PReS-FINAL-2134: Assessment of radiographic progression in patients (pts) with systemic juvenile idiopathic arthritis (sjia) treated with tocilizumab (TCZ): 2-year results from the tender trial

C Malattia 1, N Ruperto 1, E Palmisani 1, S Pederzoli 1, A Pistorio 1, HI Brunner 2, R Cuttica 1, I Calvo 1, SM Garay 1, D Eleftheriou 1, C Wouters 1, J Wang 3, C Devlin 3, D Lovell 2, A Martini 1, F De Benedetti 4, A Ravelli 1,, PRCSG and PRINTO
PMCID: PMC4044553

Introduction

A phase 3 trial (TENDER) demonstrated the efficacy of the interleukin-6 receptor inhibitor TCZ in pts with sjia [1,2].

Objectives

To investigate progression of radiographic joint damage in pts with sjia treated with TCZ for up to 2 years in TENDER.

Methods

112 pts 2-17 yrs old with active, refractory sjia of ≥6 months' duration and inadequate response to previous non-steroidal anti-inflammatory drugs and oral corticosteroids were enrolled in TENDER. Pts were randomised 2:1 to receive TCZ according to body weight (12 mg/kg <30 kg or 8 mg/kg ≥30 kg) or placebo IV every 2 wks for 12 wks.
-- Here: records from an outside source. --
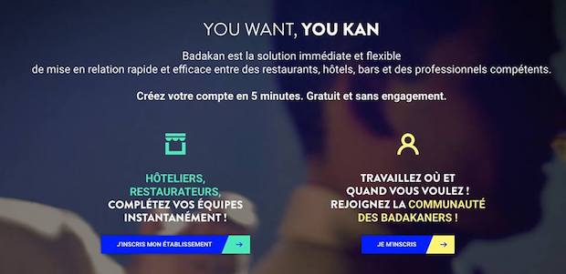 Fondé en 2015 par Bruno Calvo et David Layani, Badakan développe un service de mise en relation instantanée entre des établissements du secteur de l’hôtellerie et de la restauration avec des extras qualifiés. Au travers d'une plateforme web et d'une application iOS et Android, celle-ci permet ainsi aux professionnels d'accéder à un répertoire de travailleurs indépendants disponibles, en fonction de leurs dates de recherche et de leurs besoins : serveurs, plongeurs, cuisiniers, du matin ou du soir, en coupure ou non. De leur côté, les extras se voient offrir une sélection de missions en adéquation avec leurs compétences, leur profil et leur localisation, proposées grâce à un algorithme de matching.
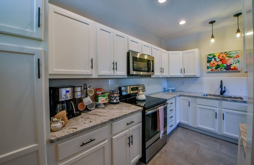 Upstairs there are three more bedrooms and bathrooms. The floor is separated into three different apartments. Each apartment has their own bedroom, bathroom, kitchen, and living space. Each apartment is equipped with kitchen and coffee supplies, so all guests can stay caffeinated during your stay! With three couches on the upstairs floor, there will always be a spot to relax and watch tv, play games with family and friends, or chill before going into Downtown Tuscaloosa for a night out!
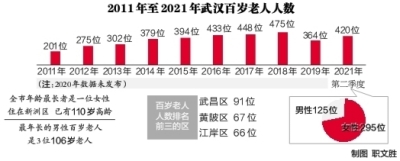 記者查詢往年數(shù)據(jù)發(fā)現(xiàn),近年來,武漢90歲以上長壽老人持續(xù)增多。截至今年第二季度,全市90歲以上老人28411位,其中百歲老人420位(男性125位,女性295位),女性百歲老人占70.2%。全市年齡最長者是一位女性,住在新洲區(qū),已有110歲高齡。在男性百歲老人中,最年長的是3位106歲老人。
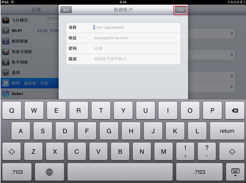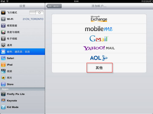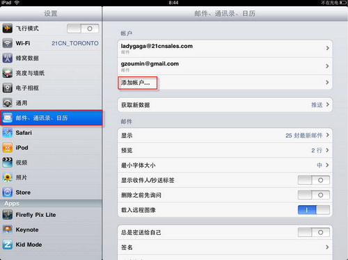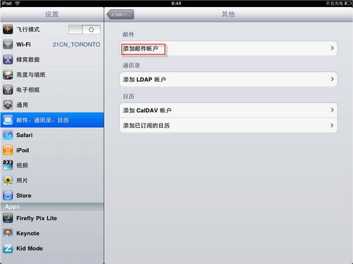 2、 進入IPad設置頁,點擊左邊的“郵件、通訊錄、日曆”菜單,右邊出現郵件、通訊錄、日曆的詳細配置頁,點擊“添加帳戶”;
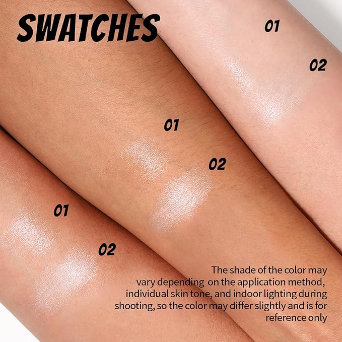 - Smooth & Lightweight Texture: Lightweight and smooth texture blends into the skin immediately after application, easy to blend and adhere to the skin, just one swipe to colour, easy to create a natural shimmering look, so you become the focus of the sparkle. Whether you are a beginner or an expert this hydrating highlighter is the ideal choice
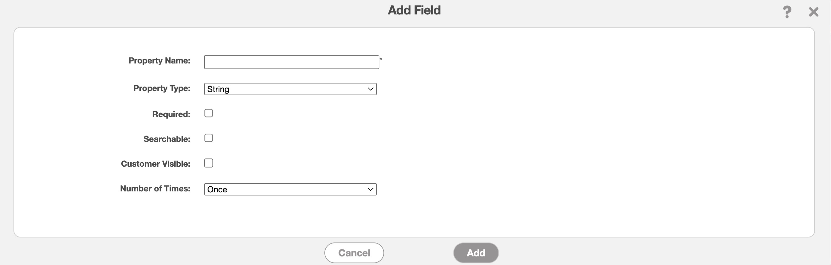 When you click the Plus Sign button, the Add Field pop-up window will automatically appear. Input the desired name, type, etc. into the fields provided and then click Add to save the new work order custom field:

Pts then received open-label TCZ in the ongoing long-term extension. Radiographic progression was calculated as change in adapted Sharp/van der Heijde score (ash) score and/or Poznanski score, assessed on hand and wrist radiographs, from baseline to wks 52 and 104. Radiographic progression was indicated by a positive ash score change or negative Poznanski score change. Clinical efficacy endpoints included American College of Rheumatology (ACR) Paediatric (Pedi) 70/90 responses.

Results

Baseline and ≥1 postbaseline ash and Poznanski scores were available for 47 and 33 pts, respectively (reasons for missing x-rays: early withdrawal, no consent, unreadable x-rays). Baseline characteristics for pts with radiographic data were similar to the whole TCZ population [1]. Pts with assessable ash/Poznanski scores had 5.2/4.8-yr disease duration, 21.3/19.2 active joints, 20.0/18.2 joints with limitation of movement and erythrocyte sedimentation rates of 53.9/59.2 mm/h. At wks 52 and 104, 20 and 19 pts, respectively, had ash progression, and 8 and 6 pts, respectively, had Poznanski score progression. Median change in ash score from baseline to wks 52 and 104 were 0 and 0.5, respectively (Table). Median change in Poznanski score from baseline to wks 52 and 104 were 0.3 and 0.17, respectively (Table 1).

Table 1.

Wk 52 Wk 104
Ash score (n = 47), median (IQR) 0.00 (-8.70: 4.00) 0.50 (-7.50: 12.00)
Poznanski score (n = 33), median (IQR) 0.30 (-0.02: 1.03) 0.17 (0.01: 1.04)
ACR Pedi 70 (n = 112), n/N (%) 92/106 (86.8) 57/65 (87.7)
ACR Pedi 90 (n = 112), n/N (%) 67/106 (63.2) 46/65 (70.8)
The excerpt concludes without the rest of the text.